Comment 4 tt_1 2021-05-10 15:23:02 UTC

its using only one core for all the lto related things in this gcc-11 tinderbox chroot, while it uses all 12 cores in the c/c++ part before the lto linking. were there any changes in the way gcc-11.1.0 expects flto=$(makeopts_jobs) to be handed over? 

p.s: tried dev-lang/rust-1.51.0-r2 instead, same long compile time

Comment 5 tt_1 2021-05-10 16:03:54 UTC

output from emerge -pc gcc: 

[ebuild   R   ~] sys-devel/gcc-11.1.0:11::gentoo  USE="(cxx) fortran (multilib) nls nptl openmp (pie) sanitize ssp zstd (-ada) -custom-cflags -d -debug -doc (-fixed-point) -go -graphite (-hardened) -jit (-libssp) -lto -objc -objc++ -objc-gc -pch -pgo -systemtap -test -valgrind -vanilla -vtv" 0 KiB

Total: 1 package (1 reinstall), Size of downloads: 0 KiB

Comment 6 Thomas Deutschmann (RETIRED) gentoo-dev

2021-05-10 16:08:29 UTC

Mh, not sure: https://dev.gentoo.org/~whissi/stuff/bug789105.webm

At 2m15 it is starting with a single lto1 process but at 2m24 you see multiple processes and at 2m25 the lto-wrapper has spawned 42 jobs...

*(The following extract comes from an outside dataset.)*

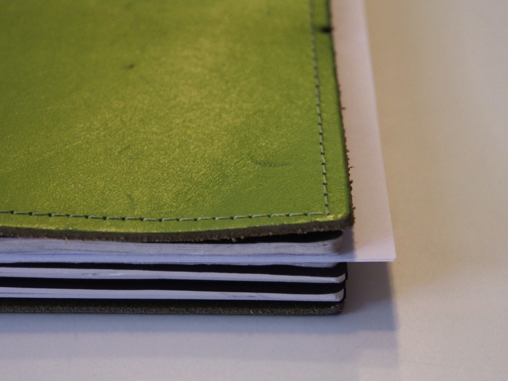 In das Notizbuch A5+ Quer passen gefaltete Din-A4 Zettel problemlos rein und es schaut nichts hinaus. Ganz wichtige, oder dauerhafte Dokumente könnt Ihr auch in die Doppeltasche stecken.

Comment 7 tt_1 2021-06-29 18:42:46 UTC

(In reply to Thomas Deutschmann from comment #6)
> Mh, not sure: https://dev.gentoo.org/~whissi/stuff/bug789105.webm
> 
> At 2m15 it is starting with a single lto1 process but at 2m24 you see
> multiple processes and at 2m25 the lto-wrapper has spawned 42 jobs...

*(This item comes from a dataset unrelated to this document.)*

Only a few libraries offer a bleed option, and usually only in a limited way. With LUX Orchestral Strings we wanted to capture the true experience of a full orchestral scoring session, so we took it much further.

I reproduced again with fresh stage3, using llvm-11.1.0 and rust-1.51.0

I will try again with new stable llvm-12 toolchain and rust-1.52.1, if this combination has the same probleme can I ask you to spend a few cpu cycles to reproduce, given that I provide a simple one? thanks

Comment 8 tt_1 2021-08-07 16:24:30 UTC

I'm seeing a similar behavoir when cross compiling firefox[lto] with gcc-9.4.0 as the cross compiler, but only *after* I made the switch to dev-util/pkgconf

Comment 9 tt_1 2021-08-07 17:22:19 UTC

(In reply to tt_1 from comment #8)
> I'm seeing a similar behavoir when cross compiling firefox[lto] with
> gcc-9.4.0 as the cross compiler, but only *after* I made the switch to
> dev-util/pkgconf

The compile time of firefox doesn't double, only the lto-trans process keeps staying at one job for about three minutes, just to go full -j12 and finish with around double the amount of time for lto linking 

in all, its up from 46 to 49 minutes of compile time for firefox[lto]

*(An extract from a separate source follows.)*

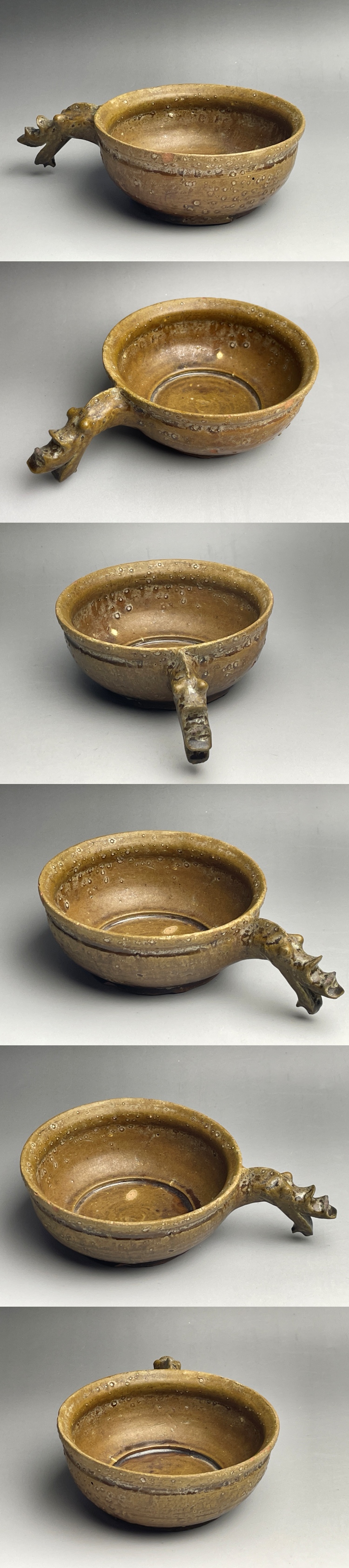 うまく青磁にならなかったようですが、越州窯の青磁碗です。漢あたりの作でしょうか。

I'm not really sure if I want to spend many hours of cpu time with debugging and hunting this heisenbug :D

Comment 10 Sam James archtester

2023-04-19 06:12:42 UTC

Is this still an issue?

Comment 11 tt_1 2023-04-19 09:59:48 UTC

Propably a bug deep in the toolchain, there were countless binutils or llvm lto bugs fixed since I initially filled that bug. Its not a problem anymore with recent gcc-11 or gcc-12 toolchains, thats for sure.